Despite the leaps and bounds that music and music studies have made (jazz and/or popular music studies are now respected, scholarly fields), there is definitely still a stigma. Saying you’re a classically trained musician still gets peoples attention and makes them assume you’re more talented than the kid whose lessons entailed playing Beatles songs on his guitar. But the fact is, at least to me, that music is music. It has deep cultural connotations and brings together a community of music-makers and listeners, and as long as those relationships are being expressed, then who cares what the music sounds like?
There are definitely some distinct differences between classical and popular music, though. For one, classical performers simply have more at stake. The classical community has been marginalized and pushed out of the spotlight, and the people that are still playing classical music are not just providing a means to hear it, but are keeping the genre extant. On the other hand, popular musicians are working within a huge system of music and musicians, and their only challenge is to create something we haven’t heard before. I do think there is some truth in Adorno’s belief that pop music is standardized, though I don’t believe it to the extent he would want me to. There is a lot of music on the radio that sounds the same. The structure, the instruments, the voice, etc., are all the same. Popular music is a victim (or perhaps successor) of consumer-centric culture, and the songs that are mass-distributed are more like commodities than art. That’s not to say that all pop music is commodified, though, or that classical music isn’t.

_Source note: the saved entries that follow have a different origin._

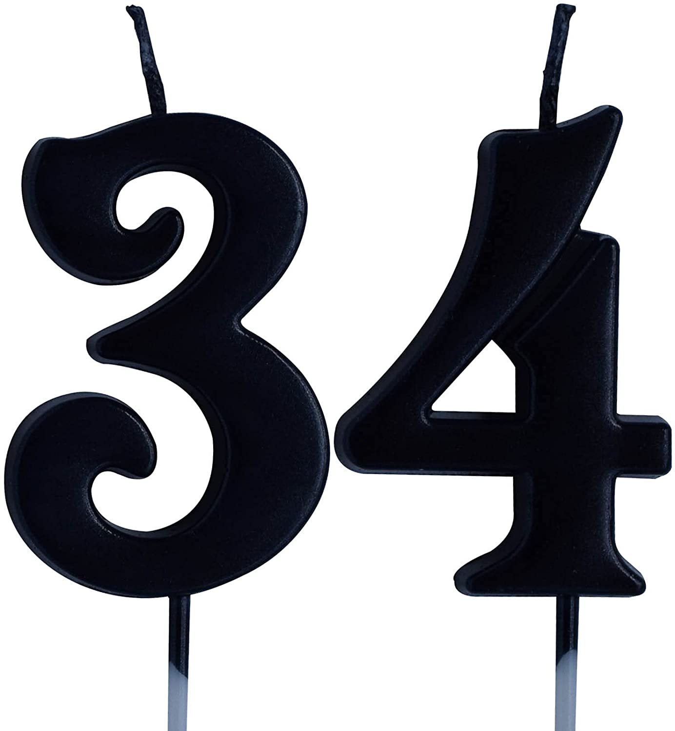 Black 34th Birthday Candle, Number 34 Years Old Candles Cake Topper, Woman Or Man Party Decorations, Supplies
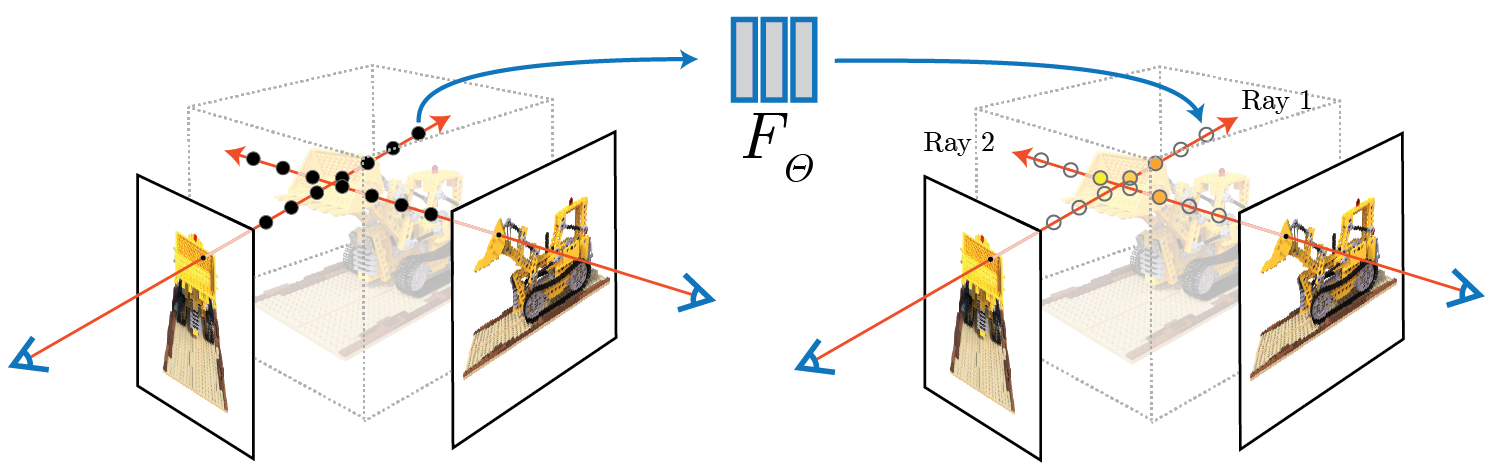 As mentioned before, we’d like to make our sampling process efficient by adaptively sampling more points in high-density areas. To accomplish this, two models are constructed: one coarse and one fine. The coarse model uniformly samples along each ray and its output is used to determine areas of high-density. The fine model then adaptively samples based on the coarse model’s results. The outputs of the fine model are used for the final rendering.
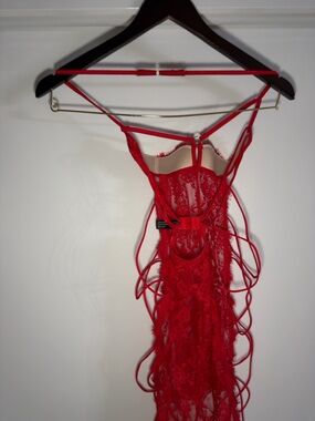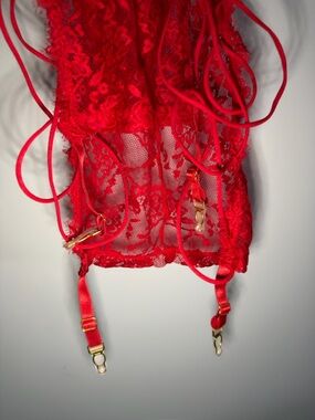 Seductive red lace chemise with open-cup design and side lace-up details. Adjustable straps for a customized fit. Elegant lace fabric that flatters the silhouette. Size M but fits smalls

In an over-generalized sense, I think that the classical versus pop debate exists, but it’s not real. We have been told to believe that classically trained means better, or that having to wear a suit to a concert instead of jeans somehow means that the music is more serious. If more classical artists were willing to include popular music themes, and more popular artists were willing to include some classical components, then people wouldn’t be so quick to affirm that there’s a rift. If you’ve ever heard Third Stream jazz, you’d know that this synthesis of genres can work beautifully, but it’s all in vain unless people believe in it. Passion is passion, and as long as that exists, then who cares what the music is called?